O tempo é uma invenção dos homens. O que existe é a eternidade, sem começo nem fim. Mas o homem resolveu marcar a vida pelos anos. Nós, cristãos, pelo nascimento de Cristo, há 2020 anos, menos que uma gota de água na imensidão dos dias e das noites. Os judeus têm o seu calendário, os chineses idem, e nós este que seguimos, chamado de gregoriano porque foi São Gregório que conseguiu esta fórmula de 28 dias em fevereiro, de quatro em quatro anos 29 e meses de 30 e de 31 dias, tudo de modo a fechar a rotação da Terra em torno do Sol nos 365 dias e ¼ de um ano.
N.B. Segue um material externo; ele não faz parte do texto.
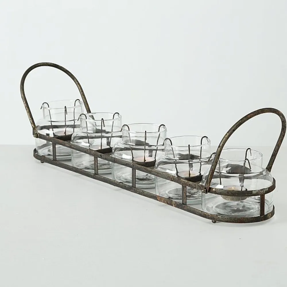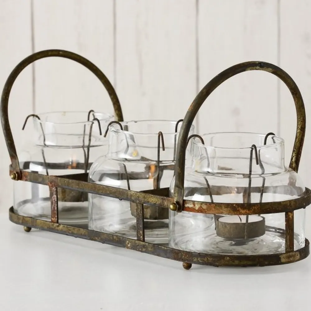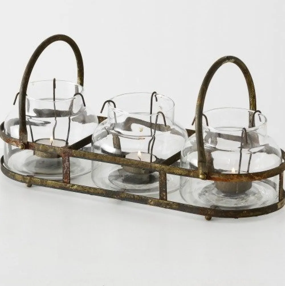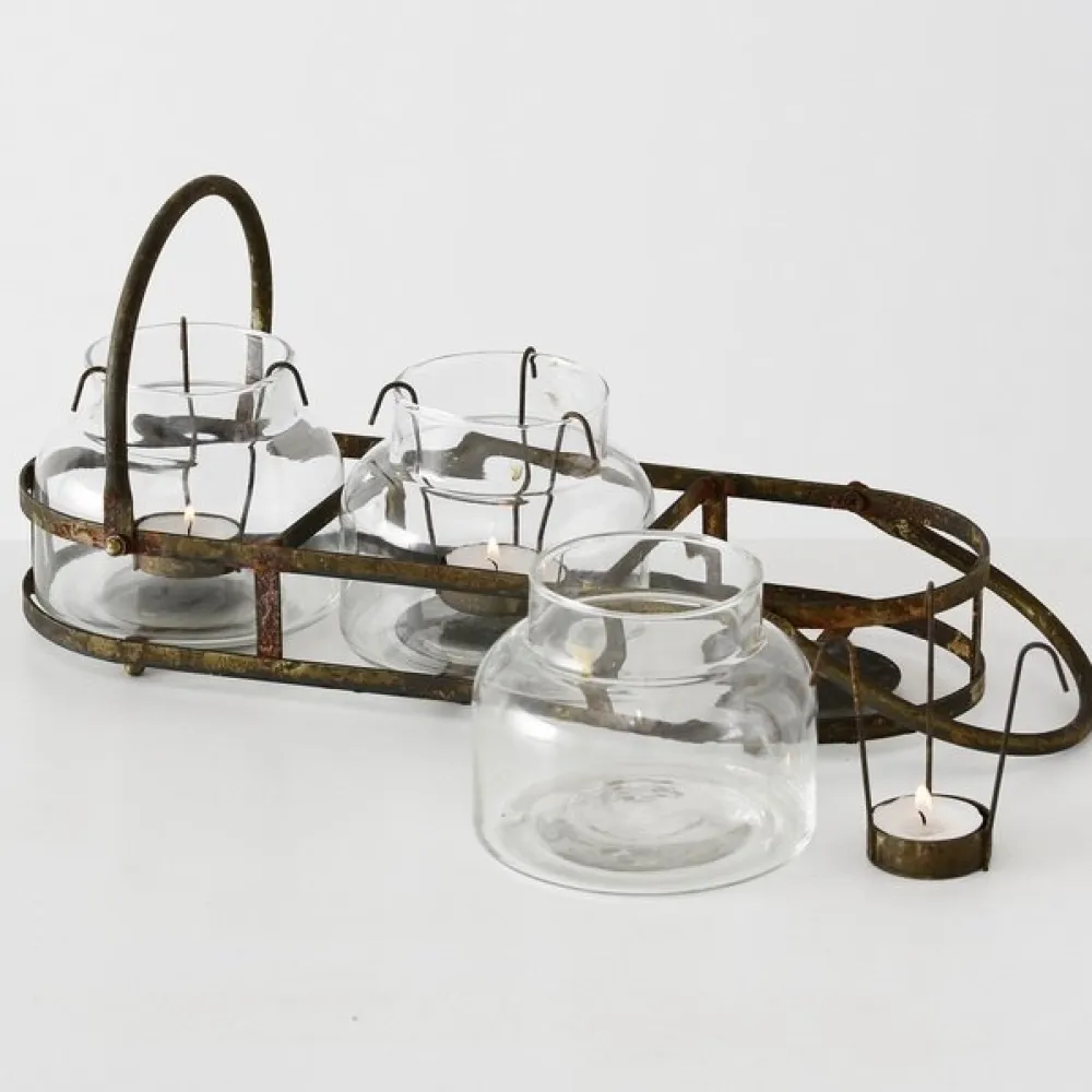 Wundervoller Teelichthalter Zuma aus Eisenund Glas im Shabby Used Look von BOLTZE.
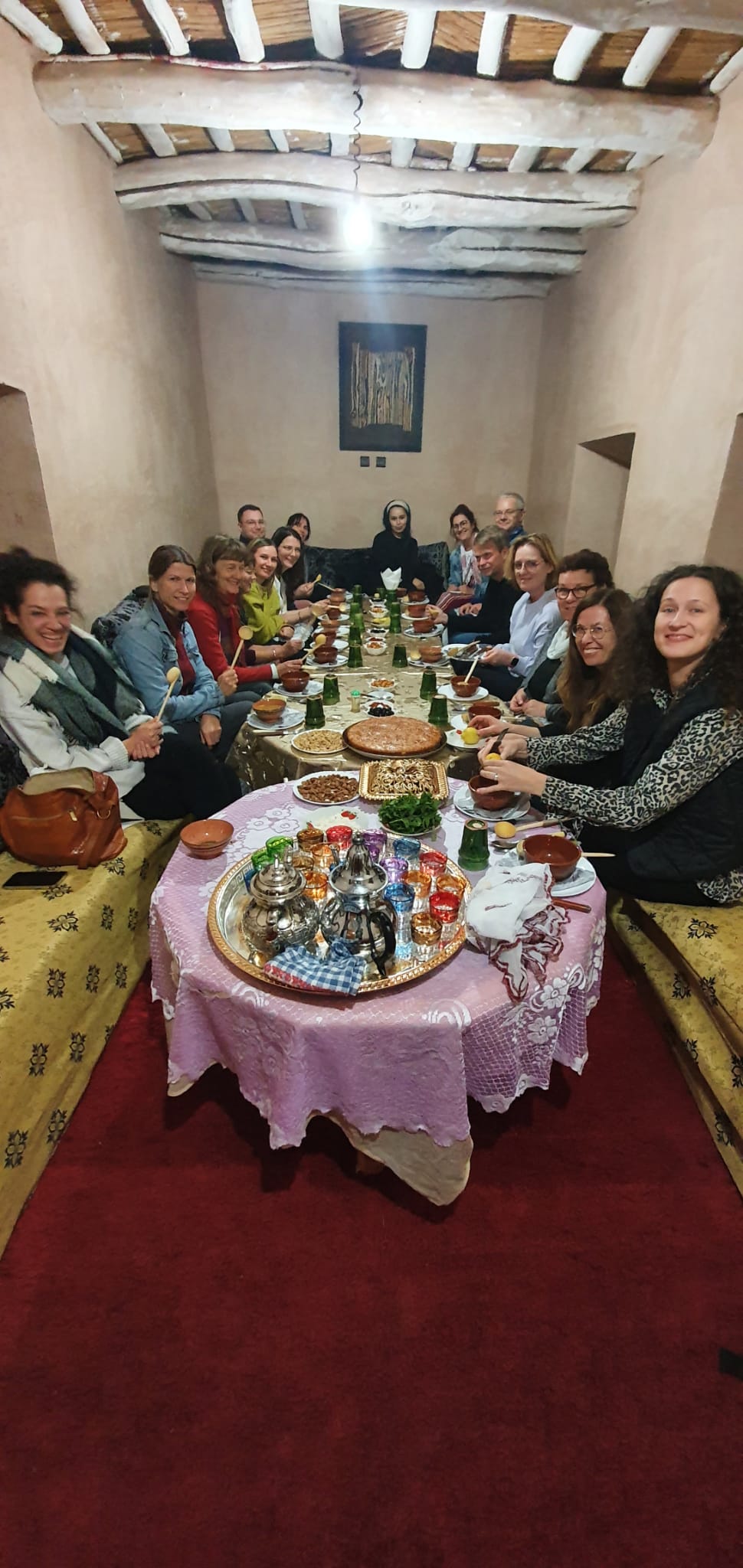 Der Bildungsurlaub in Marokko – Natur-Wüsten Retreat Marokko -Achtsamkeitstraining für den Berufsalltag in der 1. Dezemberwoche 2024 war genial. Wir waren eine tolle Gruppe, die sich sehr gut verstanden hat. Viele neue Eindrücke sind entstanden und das Eintauchen in eine andere Welt hat begeistert. Wir sind durch die Natur gewandert und mit den Dromedaren durch die Wüste geritten, zusammen mit einer Berberfamilie wurde gebacken und eine Tajine zubereitet. Man konnte mit den durchgeführten Achtsamkeitsübungen von Carola vom Alltag abschalten und die Natur voll und ganz genießen. Hamoud, als muttersprachlicher Coach, hat uns viel über Marokko vermittelt und Kontakte zur einheimischen Bevölkerung hergestellt. Schöne Hotels, gutes Essen und jeden Tag ein Picknick in der Natur. Ganz herzlichen Dank für alles!

Hoje, na sociedade digital, da comunicação em tempo real, a gente tem a impressão de que há uma compressão do tempo, porque tudo passa rápido e a gente sabe de tudo enquanto acontece. O ano passa como um raio e quando a gente pensa que é janeiro já é setembro e logo acaba um ano e começa outro. Aqui no Brasil querido, não se conta os anos por primavera, verão, outono e inverno. É Natal, Carnaval, Quaresma, São João, julho das férias, Semana da Pátria, feriado gostoso de meio de semana que a enforca toda, Finados e dezembro com os sinos do Natal que começam a tocar em outubro. E o ano acabou e começa tudo de novo.
As mulheres não gostam muito de conhecer o fim dos anos. Eu tinha uma tia solteirona, velha, que tomava conta da casa de um tio avô. Um dia, seu aniversário, perguntei-lhe: “Manana — era seu nome —, quantos anos a senhora está fazendo?” Ela me tomou pelo braço, entrou no quarto e me disse: “72 anos, agora vai dizer lá fora, seu abelhudo.”
Eu tinha um amigo cuja família toda se preparou para comemorar os seus 70 anos. Data redonda, que marca a vida de todos nós, porque a partir daí começa a velhice mesmo. Ele se recusou a fazer 70 e proibiu a família de falar nisso. Uns dois anos depois — éramos muito amigos e vizinhos — seus filhos me procuraram: “Tio Sarney, veja se papai aceita completar 70 anos, nós estamos com a festa feita já há três.” Não houve jeito. Nunca revelou a idade e, quando se fazia o livro da biografia dos senadores, seu maior cuidado era ir à Gráfica do Senado e subtrair uns dois anos.
A verdade é que é muito bom fazer aniversário e assistir a mudança de ano. Saulo Ramos, meu querido amigo, sempre dizia: “A outra solução é pior. Melhor é confessar!”
Em São Bento tinha um senhor muito respeitado que era casado com uma viúva que tinha uma enteada balzaquiana. Dizia-se que vivia com as duas. Mexerico da cidade. Uma doida, dessas que antigamente perambulavam pelas ruas, cantando, chegou na sua porta no fim do ano e começou a cantar e dizer palavrões: “Sua velha devassa, vá embora…” Ela, Georgina, não se fez de rogada: “Seu Abílio, o senhor que dorme com a mãe e beija a filha, dorme com a filha e beija a mãe, diz que eu que sou devassa! Agradeça o ano que passou e vá à missa…”
Todos souberam na cidade que a Georgina não era tão doida como parecia. Milagre do Ano Novo.
Feliz Ano Novo a todos os de boa vontade! Deus conosco com a vacina — e felicidade!